YOUR ASSIGNMENT: Exactly retype the lines from the top of the data through the line containing "Stroll.js є CSS3", leaving out every picture.

MATERIAL PROVIDED:
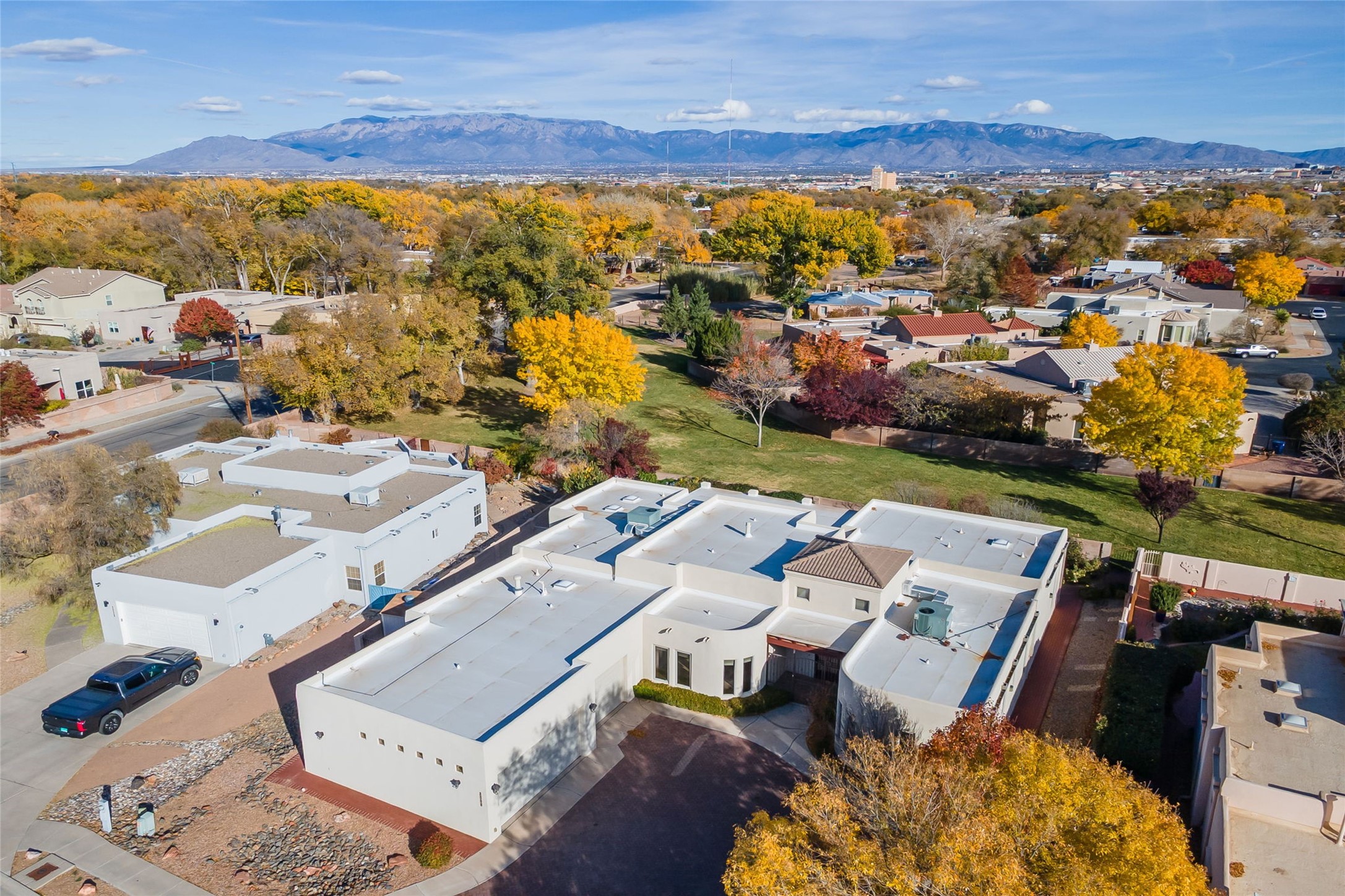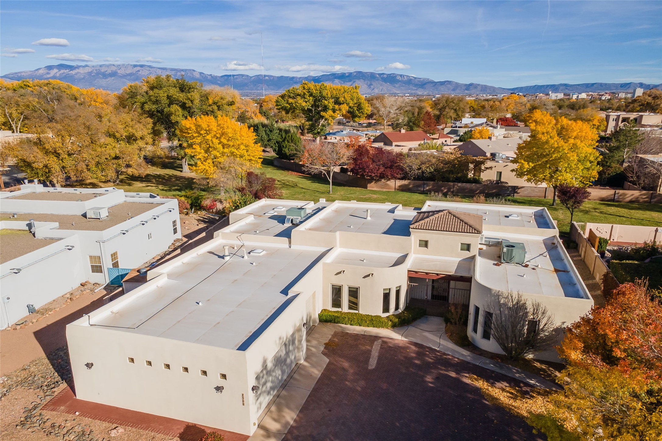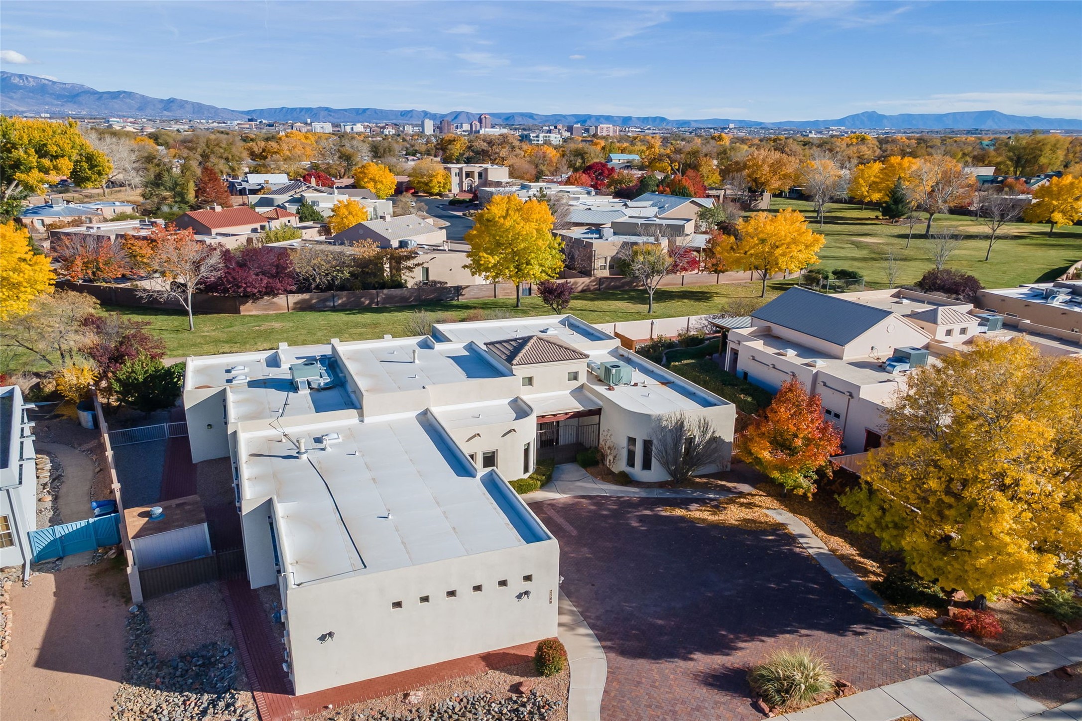 One level, 3,514 sq. ft. 3 bed + home office, Separate Dining, Living + Den. Meticulously maintained with 3-car Garage. Brand new HEIL HVAC package units for heat and refrigerated air January 2026. Roof tune up December 2025. Ready to move in! Located in the gated Gardens on the Rio Grande community in the heart of Old Town, this beautifully maintained single-story ADA friendly home offers a rare blend of comfort, quality, and timeless style. The floorplan flows easily from room to room, giving each space purpose while still creating an open, welcoming feel.Travertine flooring runs throughout the home and sets a warm, upscale tone. The living room and separate den give you two distinct gathering spaces--perfect for entertaining or simply spreading out. A dedicated home office provides a quiet place to work. while the formal dining room is designed for dinners, celebrations, and everyday enjoyment.The kitchen sits at the center of it all with great connectivity to the main living spaces, making hosting effortless. Natural light fills the rooms, and the thoughtful layout gives the home a calm, spacious character.The primary suite rests in its own private wing and offers generous space and direct access to the lush backyard. Two additional bedrooms are well-sized and separate from the main suite, giving guests or family members their own privacy. Indoor outdoor dining on the extended covered backyard patio. Tiled flooring brings an elevated experience to outdoor living while the well designed landscape adds visual colorful appeal.This property has had only one owner and it truly shows in the level of care. Recent improvements such as the newer TPO roof and updated stucco add modern reliability to the home's classic charm. The oversized three-car garage is a standout feature.Premium lot designed with direct access to the neighborhood's open-space park, a special amenity for daily walks or easy outdoor relaxation.
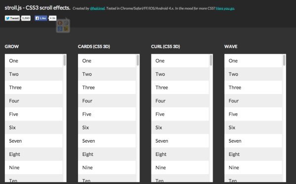 Stroll.js є CSS3 плагіном для додавання ефектів до прокрутки, який працює на всіх браузерах з підтримкою CSS 3D transforms.
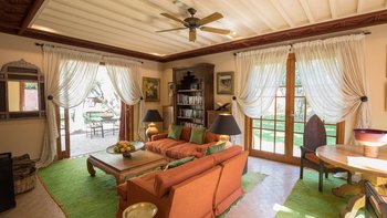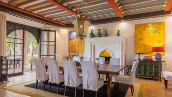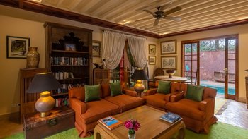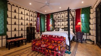 Die sieben Schlafzimmer der Villa sind mit einem Hauch von Exotica ausgestattet und können durch den Zugang zum privaten Pavillon mit eigenem Tauchbecken ergänzt werden. Zu den diskreten und zuvorkommenden Mitarbeitern zählen und der Küchenchef, der köstliche Abendessen mit lokaler und internationaler Küche zubereitet.

REPLY:
 One level, 3,514 sq. ft. 3 bed + home office, Separate Dining, Living + Den. Meticulously maintained with 3-car Garage. Brand new HEIL HVAC package units for heat and refrigerated air January 2026. Roof tune up December 2025. Ready to move in! Located in the gated Gardens on the Rio Grande community in the heart of Old Town, this beautifully maintained single-story ADA friendly home offers a rare blend of comfort, quality, and timeless style. The floorplan flows easily from room to room, giving each space purpose while still creating an open, welcoming feel.Travertine flooring runs throughout the home and sets a warm, upscale tone. The living room and separate den give you two distinct gathering spaces--perfect for entertaining or simply spreading out. A dedicated home office provides a quiet place to work. while the formal dining room is designed for dinners, celebrations, and everyday enjoyment.The kitchen sits at the center of it all with great connectivity to the main living spaces, making hosting effortless. Natural light fills the rooms, and the thoughtful layout gives the home a calm, spacious character.The primary suite rests in its own private wing and offers generous space and direct access to the lush backyard. Two additional bedrooms are well-sized and separate from the main suite, giving guests or family members their own privacy. Indoor outdoor dining on the extended covered backyard patio. Tiled flooring brings an elevated experience to outdoor living while the well designed landscape adds visual colorful appeal.This property has had only one owner and it truly shows in the level of care. Recent improvements such as the newer TPO roof and updated stucco add modern reliability to the home's classic charm. The oversized three-car garage is a standout feature.Premium lot designed with direct access to the neighborhood's open-space park, a special amenity for daily walks or easy outdoor relaxation.
 Stroll.js є CSS3 плагіном для додавання ефектів до прокрутки, який працює на всіх браузерах з підтримкою CSS 3D transforms.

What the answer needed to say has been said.